== Segment start ==

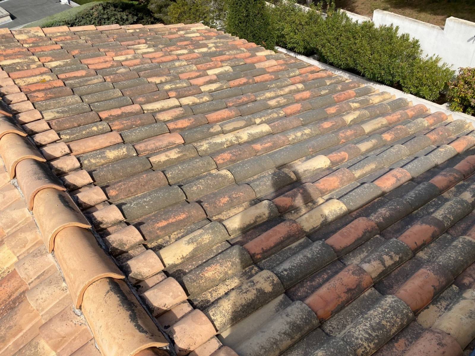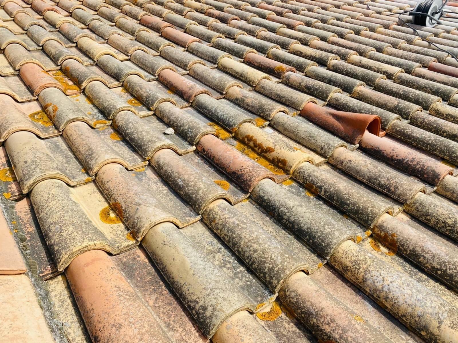 Une fois sur place nous avons pu constaté la présence de quelques tuiles cassées et des mousses et lichens sur l'ensemble de la toiture.
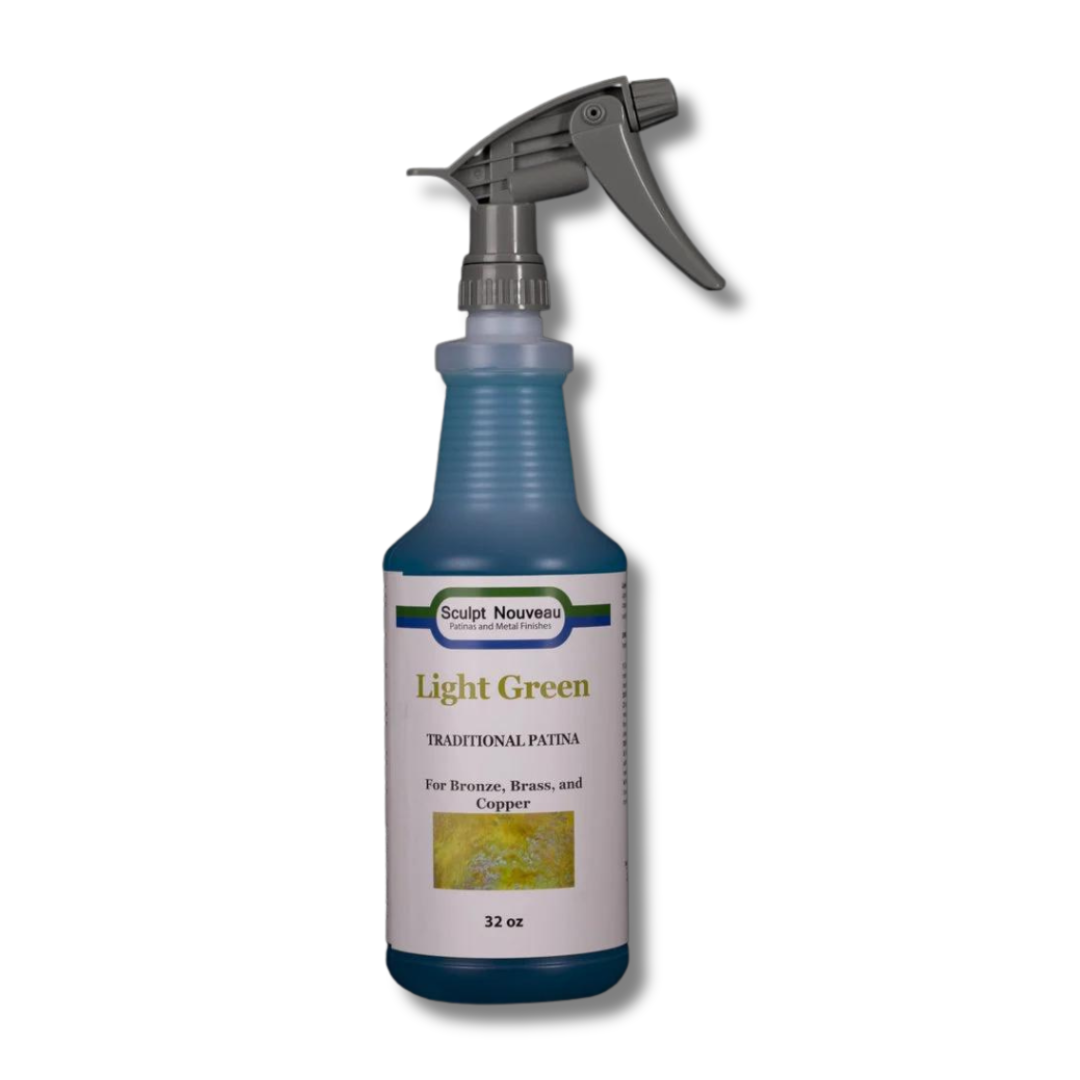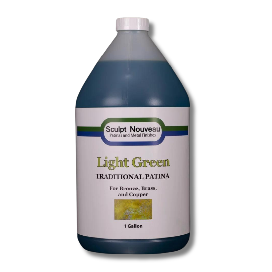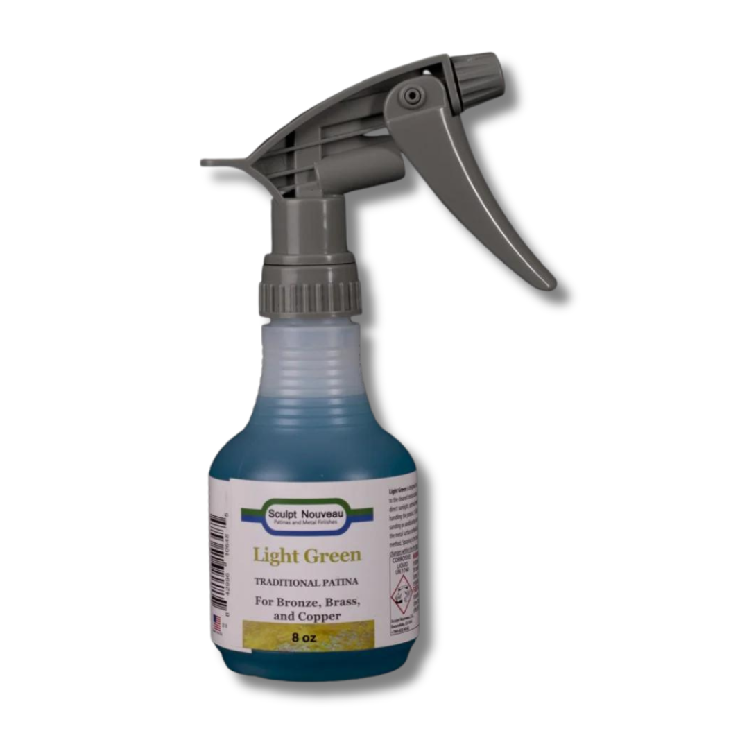 Light Green Patina is a cold patina for bronze, brass, and copper. Apply to a clean, cold (65°-70°F) metal. It will take 2-12 hours to completely react with the metal.
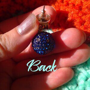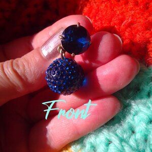 BUYER BE AWARE: There are small stones missing on the lower ball components of both earrings - approximately six. Easily fixable if you are handy with stone setting and touch ups. Shown in photos. Other than that, these are sparkly office to evening J. Crew earrings. The large deep blue sapphire colour gem is shiny and intact on both earrings, and there are dozens of blue stones set in the lower pieces, pave on resin. Shines with subtle sparkle, not too overwhelming, perfect size for daytime.
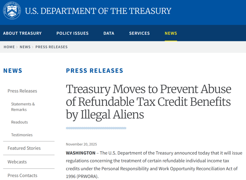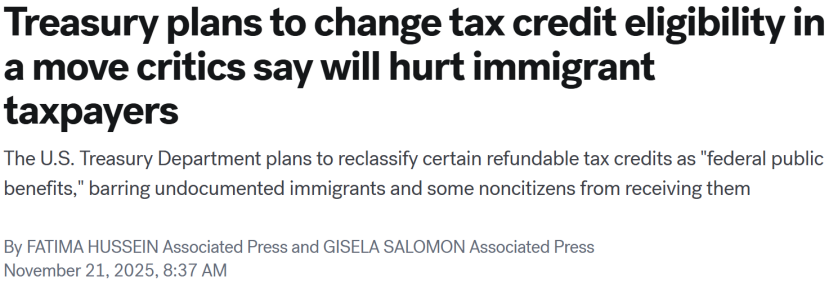 11月20日,美国财政部发布信息称,计划将某些可退税的税收抵免重新分类为“联邦公共福利”,这将禁止一些移民领取这些福利,即使他们已经报税并缴纳税款,且符合其他资格要求。
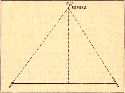 Глаза смотрели с разных концов, а сошлись на березе. В этом месте стоит наша береза. Смерим теперь сколько в тетрадке от веревки до березы? Примерно, 50 сантиметров. А на самом деле должно быть в 25 раз больше, т. е. 12 1/2 метров, потому что веревка наша в моей тетрадке в 25 раз меньше настоящей веревки, и весь этот треугольник получился в 26 раз меньше. Теперь, Василий, проверь меня: я говорю, что до березы 12 1/2 метров, т. е. шагов 18. Ну, шагай! Проверяй, правду ли я говорю.
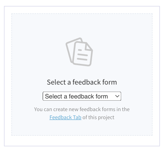 Click on Advanced ► Feedback - You can choose a form using the input selector in the area. It's also possible to change the form using the area settings panel. Which can be accessed by clicking the blue gear button.
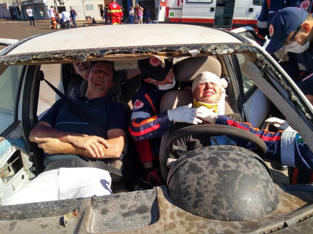 Na encenação os profissionais tiveram que socorrer cinco vítimas, algumas delas em estado grave, de um acidente envolvendo um carro e uma moto, onde o veículo havia se incendiado. O trabalho de resgate simulado contou com o apoio de duas ambulâncias do SAMU de Itaipulândia, unidades de suporte básico, e também de uma unidade de suporte avançado, que veio de Foz do Iguaçu, com um médico, enfermeiro e condutor.
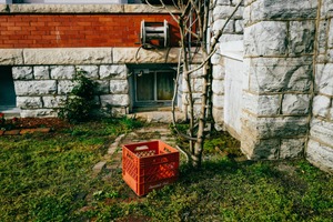 In an urban setting, a vibrant orange crate sits alone on the lawn, contrasting sharply with the muted tones of the surrounding brick and stone. The sunlight casts gentle shadows, enhancing the textures of the weathered stone wall and the freshly green grass beneath. The composition evokes a sense of stillness, inviting contemplation of the simplicity and beauty found in everyday details.
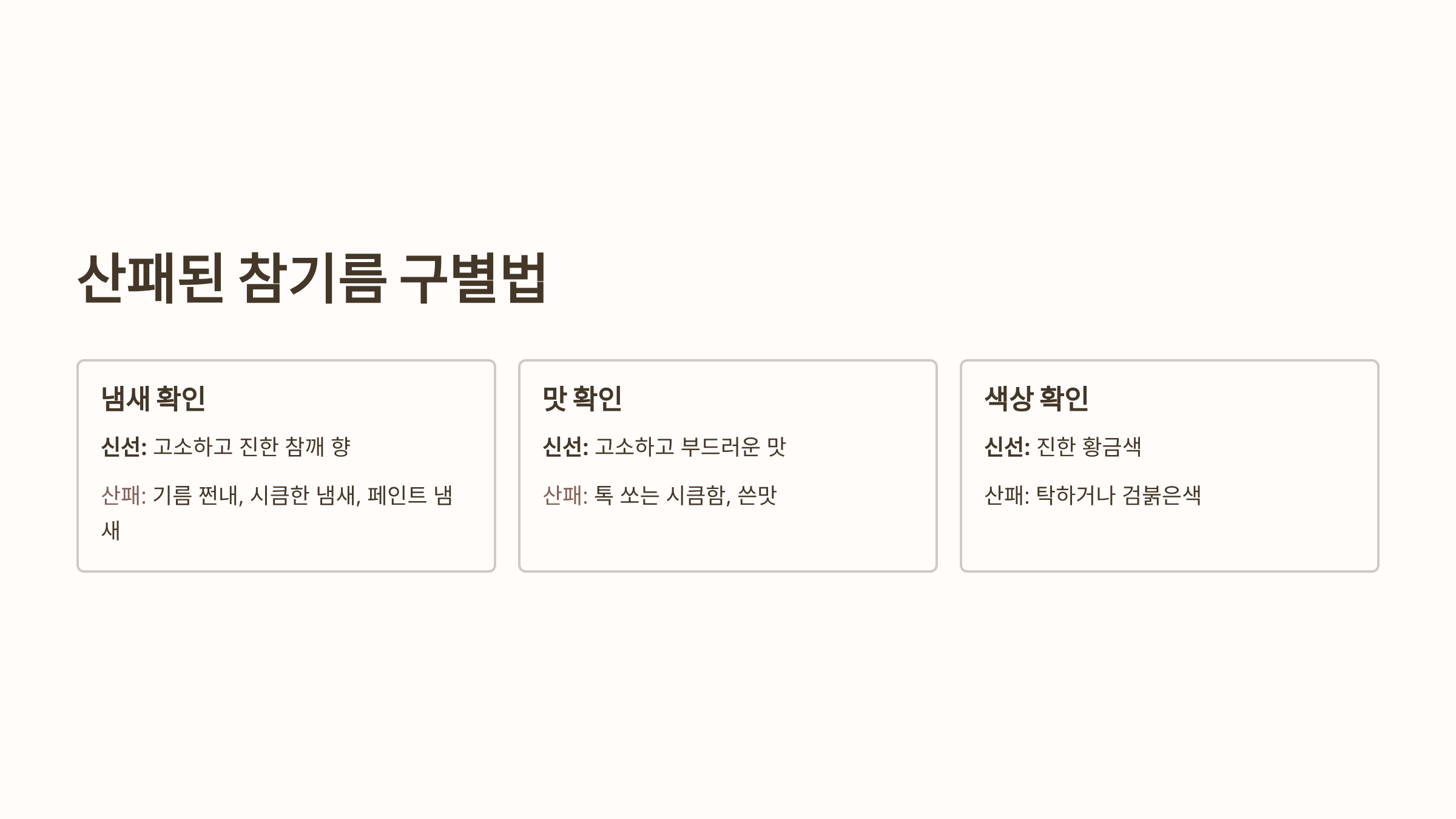 - 맛의 변화: 산패된 참기름은 고소한 맛이 사라지고 톡 쏘는 듯한 시큼하거나 씁쓸한 맛이 느껴집니다.
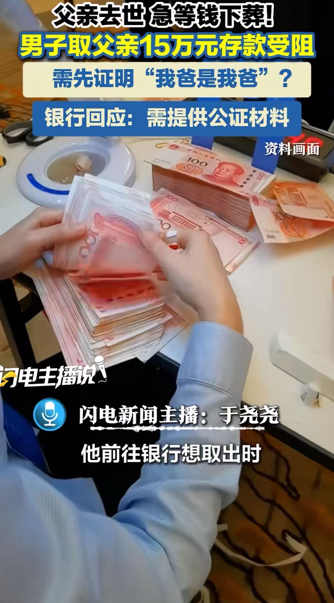 江西九江,父亲离世留下15万存款,儿子取钱却被要求证明“我爸是我爸”!儿子:这笔钱还等着用于父亲下葬。银行回应:并非故意刁难,取款总额超5万元,必须提供公证材料。
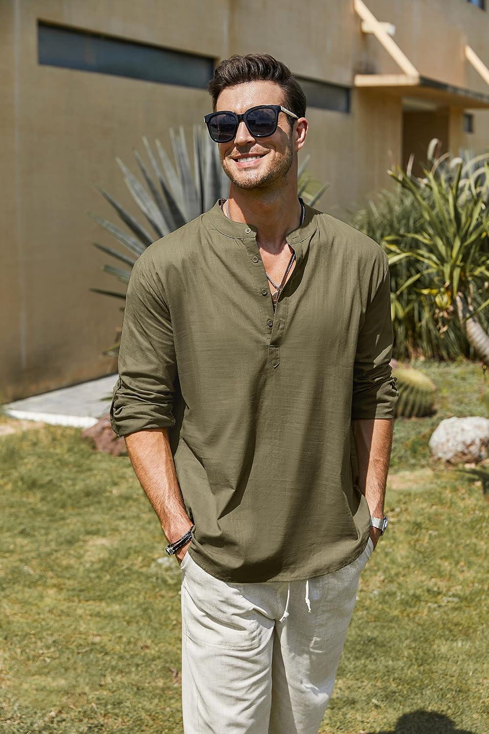 COOFANDY Men’s Cotton Linen Henley T-Shirts Long Sleeve Hippie Casual Beach T-Shirts(Army Green)

== Segment end ==

Beginning with the line that contains "In an urban" and ending with the final line of the material, reproduce those lines exactly and nothing else. Omit the pictures.

 In an urban setting, a vibrant orange crate sits alone on the lawn, contrasting sharply with the muted tones of the surrounding brick and stone. The sunlight casts gentle shadows, enhancing the textures of the weathered stone wall and the freshly green grass beneath. The composition evokes a sense of stillness, inviting contemplation of the simplicity and beauty found in everyday details.
 - 맛의 변화: 산패된 참기름은 고소한 맛이 사라지고 톡 쏘는 듯한 시큼하거나 씁쓸한 맛이 느껴집니다.
 江西九江,父亲离世留下15万存款,儿子取钱却被要求证明“我爸是我爸”!儿子:这笔钱还等着用于父亲下葬。银行回应:并非故意刁难,取款总额超5万元,必须提供公证材料。
 COOFANDY Men’s Cotton Linen Henley T-Shirts Long Sleeve Hippie Casual Beach T-Shirts(Army Green)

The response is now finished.